SpinalHDL仿真

启动仿真(Boot a Simulation)

一、介绍(Introduction)

这是一个硬件定义+testbench的例子：

//你的硬件顶层
import spinal.core._
class TopLevel extends Component {
  ...
}
//你的测试顶层
import spinal.sim._
import spinal.core.sim._
object DutTests {
  def main(args: Array[String]): Unit = {
    SimConfig.withWave.compile(new TopLevel).doSim{ dut =>
      //仿真代码
    }
  }
}

二、配置(Configuration)

SimConfig会返回默认的仿真配置实例, 通过该实例能调用各种函数对仿真进行配置：

语句	描述
`withWave`	启用仿真波形捕获(默认模式)
`withVcdWave`	启用仿真波形捕获(VCD文本模式)
`withFstWave`	启用仿真波形捕获(二进制FST模式)
`withConfig(SpinalConfig)`	指定用来产生硬件的`SpinalConfig`
`allOptimisation`	启用所有的RTL编译优化来减少仿真时间(会增加编译时间)
`workspacePath(path)`	改变生成的sim文件的文件夹位置
`withVerilator`	用Verilator作为仿真后端(默认)
`withGhdl`	用withGhdl作为仿真后端
`withIVerilog`	用IVerilog作为仿真后端
`withVCS`	用VCS作为仿真后端

之后你可以调用compile(rtl)函数对硬件编译并为仿真器做准备。这个函数会返回SimCompiled实例。在这个SimCompiled实例中你可以用以下函数运行你的仿真：

语句	描述
`doSim[(simName[, seed])]{dut => ...}`	一直运行仿真指导主线程完成(不等待分支线程)或直到所有线程卡住
`doSimUntilVoid[(simName[, seed])]{dut => ...}`	一直运行仿真知道所有线程完成或卡住

val spinalConfig = SpinalConfig(defaultClockDomainFrequency = FixedFrequency(10 MHz))
SimConfig
  .withConfig(spinalConfig)
  .withWave
  .allOptimisation
  .workspacePath("~/tmp")
  .compile(new TopLevel)
  .doSim { dut =>
    //仿真代码
}

注意默认情况下, 仿真文件会被替换成simWorkspace/xxx文件夹。你可以通过设置SPINALSIM_WROKSPACE环境变量重写simWorkspace的位置。

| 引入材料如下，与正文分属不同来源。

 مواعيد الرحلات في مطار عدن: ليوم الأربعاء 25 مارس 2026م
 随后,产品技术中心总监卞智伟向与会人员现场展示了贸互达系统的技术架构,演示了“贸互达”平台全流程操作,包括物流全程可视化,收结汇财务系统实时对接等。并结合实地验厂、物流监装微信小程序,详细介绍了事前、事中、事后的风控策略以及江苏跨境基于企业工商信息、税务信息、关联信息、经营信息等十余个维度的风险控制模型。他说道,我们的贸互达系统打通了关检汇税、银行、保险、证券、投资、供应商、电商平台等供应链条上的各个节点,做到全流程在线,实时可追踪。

三、在同一硬件上运行多个测试用例(Running multiple tests on the same hardware)

val compiled = SimConfig.withWave.compile(new Dut)
compiled.doSim("testA") { dut =>
   //仿真代码
}
compiled.doSim("testB") { dut =>
   //仿真代码
}

四、从线程中报告仿真的成功或失败(Throw Success or Failure of the simulation from a thread)

在仿真的任何一个时刻你都可以调用simSuccess或simFailure来终止它。
如果仿真太大, 很可能会产生仿真失败, 例如因为testbench在等待从未发生的条件的判断。为此, 调用SimTimeout(maxDuration)其中maxDuration所仿真应该会发生失败的时间(以仿真时间为单位)。
例如, 在1000个时钟周期后终止仿真：

val period = 10
dut.clockDomain.forkStimulus(period)
SimTimeout(1000 * period)

访问仿真信号(Accessing signals of the simulation)

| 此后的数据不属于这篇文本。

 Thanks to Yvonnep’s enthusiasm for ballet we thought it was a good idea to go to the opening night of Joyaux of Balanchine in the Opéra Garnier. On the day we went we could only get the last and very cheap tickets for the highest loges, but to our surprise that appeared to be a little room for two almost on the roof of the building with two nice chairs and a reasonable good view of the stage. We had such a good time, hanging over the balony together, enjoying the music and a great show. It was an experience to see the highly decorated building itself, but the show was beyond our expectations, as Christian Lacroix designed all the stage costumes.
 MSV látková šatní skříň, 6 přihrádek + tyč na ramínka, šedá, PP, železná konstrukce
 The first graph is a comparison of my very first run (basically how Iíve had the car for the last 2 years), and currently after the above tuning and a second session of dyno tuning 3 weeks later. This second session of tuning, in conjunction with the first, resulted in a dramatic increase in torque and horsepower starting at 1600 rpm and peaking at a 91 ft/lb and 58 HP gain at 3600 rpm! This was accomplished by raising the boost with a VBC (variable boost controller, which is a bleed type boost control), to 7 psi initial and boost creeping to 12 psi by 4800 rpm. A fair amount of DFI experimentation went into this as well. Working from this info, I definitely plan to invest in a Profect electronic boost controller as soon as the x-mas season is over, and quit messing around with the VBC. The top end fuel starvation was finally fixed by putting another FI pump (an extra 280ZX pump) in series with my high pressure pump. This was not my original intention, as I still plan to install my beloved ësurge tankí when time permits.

一、读写信号(Read and write signals)

每个顶层的接口信号都可以通过Scala读写：

语句	描述
`Bool.toBoolean`	读出硬件`Bool`信号作为Scala`Boolean`值
`Bits`/`UInt`/`SInt.toInt`	读出硬件`BitVector`信号作为Scala`Int`值
`Bits`/`UInt`/`SInt.toLong`	读出硬件`BitVector`信号作为Scala`Long`值
`Bits`/`UInt`/`SInt.toBigInt`	读出硬件`BitVector`信号作为Scala`BigInt`值
`SpinalEnumCraft.toEnum`	读出硬件`SpinalEnumCraft`信号作为Scala`SpinalEnumElement`值
`Bool #= Boolean`	用Scala`Boolean`值赋值给硬件`Bool`信号
`Bits`/`UInt`/`SInt #= Int`	用Scala`Int`值赋值给硬件`BitVector`信号
`Bits`/`UInt`/`SInt #= Long`	用Scala`Long`值赋值给硬件`BitVector`信号
`Bits`/`UInt`/`SInt #= BigInt`	用Scala`BigInt`值赋值给硬件`BitVector`信号
`SpinalEnumCraft #= SpinalEnumElement`	用Scala`SpinalEnumElement`值赋值给硬件`SpinalEnumCraft`信号
`Data.randomize()`	给SpinalHDL值赋随机值scala

dut.io.a #= 42
dut.io.a #= 42l
dut.io.a #= BigInt("101010", 2)
dut.io.a #= BigInt("0123456789ABCDEF", 16)
println(dut.io.b.toInt)

二、在模块层次访问信号(Accessing signals inside the component's hierarchy)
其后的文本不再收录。